Data section.
╔══

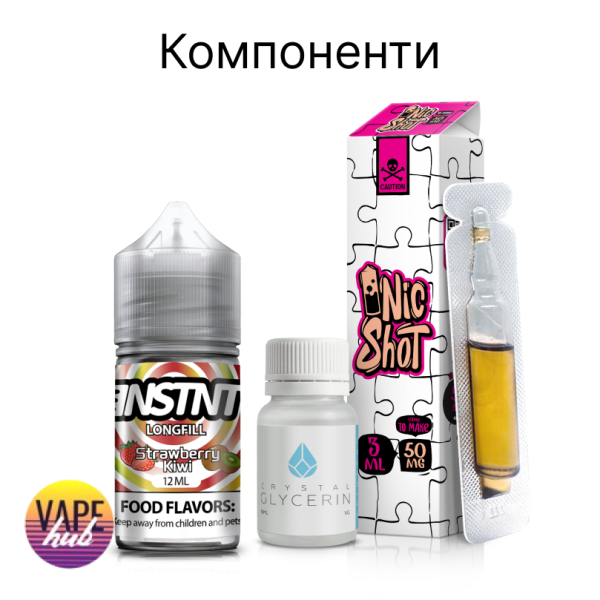 Самозаміс INSTNT 30 мл — це лінійка від виробника INSTNT, створена для тих, хто хоче самостійно контролювати смак, міцність і баланс своєї рідини. Це американський виробник із США, що гарантує високу якість компонентів і відповідність міжнародним стандартам. Бренд добре відомий якістю ароматизаторів та стабільністю смакових профілів, а сама лінійка INSTNT відрізняється від попередніх серій більш концентрованими ароматами та швидким розкриттям смаку вже після мінімального настоювання. Кожен смак створений на основі якісних ароматизаторів і ретельно продуманих рецептів, тому INSTNT дарує яскравий, виразний і водночас гармонійний профіль без зайвої різкості. Лінійка включає 10 яскравих смаків: Blueberry, Apple Peach, Banana, Berry Lemonade, Summer Dream, Strawberry Kiwi, Rainbow, Grape Berry, Triple Melon та Watermelon. Цей набір містить сольовий нікотин із концентрацією 50 мг, що забезпечує швидке насичення та стабільний ефект. Важливо: через високий вміст нікотину й сольовий тип, рідина призначена виключно для малопотужних девайсів — под-систем та MTL-пристроїв. Це гарантує безпечне використання та комфортну затяжку без подразнення. Збалансоване співвідношення VG/PG 50/50 дозволяє насолодитися як насиченим смаком, так і приємною кількістю пари. Така формула підходить для більшості подів, забезпечуючи ідеальну подачу нікотину без втрати смакових якостей. Флакон об’ємом 30 мл оснащений захистом від першого відкриття та зручним носиком для заливання. INSTNT ідеально підходить як новачкам у самозамісі, так і досвідченим вейперам, які цінують гнучкість і стабільну якість. Обирай свій смак та замовляй INSTNT у Vape Hub — створюй ідеальну рідину саме для себе.
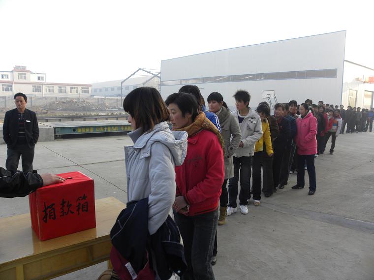 图为公司踊跃排队捐款
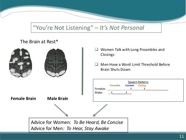 11. 11. “You’re Not Listening” – It’s Not Personal The Brain at Rest* Female Brain Male Brain  Women Talk with Long Preambles and Closings  Men Have a Word Limit Threshold Before Brain Shuts Down Speech Patterns Preamble Content Closing Females _______________I________I_______________ Males __I_________I___ Advice for Women: To Be Heard, Be Concise Advice for Men: To Hear, Stay Awake 11

╚══

Your objective. Pictures are not part of the copy. Restate everything else in the listing word for word.

Task response.
 Самозаміс INSTNT 30 мл — це лінійка від виробника INSTNT, створена для тих, хто хоче самостійно контролювати смак, міцність і баланс своєї рідини. Це американський виробник із США, що гарантує високу якість компонентів і відповідність міжнародним стандартам. Бренд добре відомий якістю ароматизаторів та стабільністю смакових профілів, а сама лінійка INSTNT відрізняється від попередніх серій більш концентрованими ароматами та швидким розкриттям смаку вже після мінімального настоювання. Кожен смак створений на основі якісних ароматизаторів і ретельно продуманих рецептів, тому INSTNT дарує яскравий, виразний і водночас гармонійний профіль без зайвої різкості. Лінійка включає 10 яскравих смаків: Blueberry, Apple Peach, Banana, Berry Lemonade, Summer Dream, Strawberry Kiwi, Rainbow, Grape Berry, Triple Melon та Watermelon. Цей набір містить сольовий нікотин із концентрацією 50 мг, що забезпечує швидке насичення та стабільний ефект. Важливо: через високий вміст нікотину й сольовий тип, рідина призначена виключно для малопотужних девайсів — под-систем та MTL-пристроїв. Це гарантує безпечне використання та комфортну затяжку без подразнення. Збалансоване співвідношення VG/PG 50/50 дозволяє насолодитися як насиченим смаком, так і приємною кількістю пари. Така формула підходить для більшості подів, забезпечуючи ідеальну подачу нікотину без втрати смакових якостей. Флакон об’ємом 30 мл оснащений захистом від першого відкриття та зручним носиком для заливання. INSTNT ідеально підходить як новачкам у самозамісі, так і досвідченим вейперам, які цінують гнучкість і стабільну якість. Обирай свій смак та замовляй INSTNT у Vape Hub — створюй ідеальну рідину саме для себе.
 图为公司踊跃排队捐款
 11. 11. “You’re Not Listening” – It’s Not Personal The Brain at Rest* Female Brain Male Brain  Women Talk with Long Preambles and Closings  Men Have a Word Limit Threshold Before Brain Shuts Down Speech Patterns Preamble Content Closing Females _______________I________I_______________ Males __I_________I___ Advice for Women: To Be Heard, Be Concise Advice for Men: To Hear, Stay Awake 11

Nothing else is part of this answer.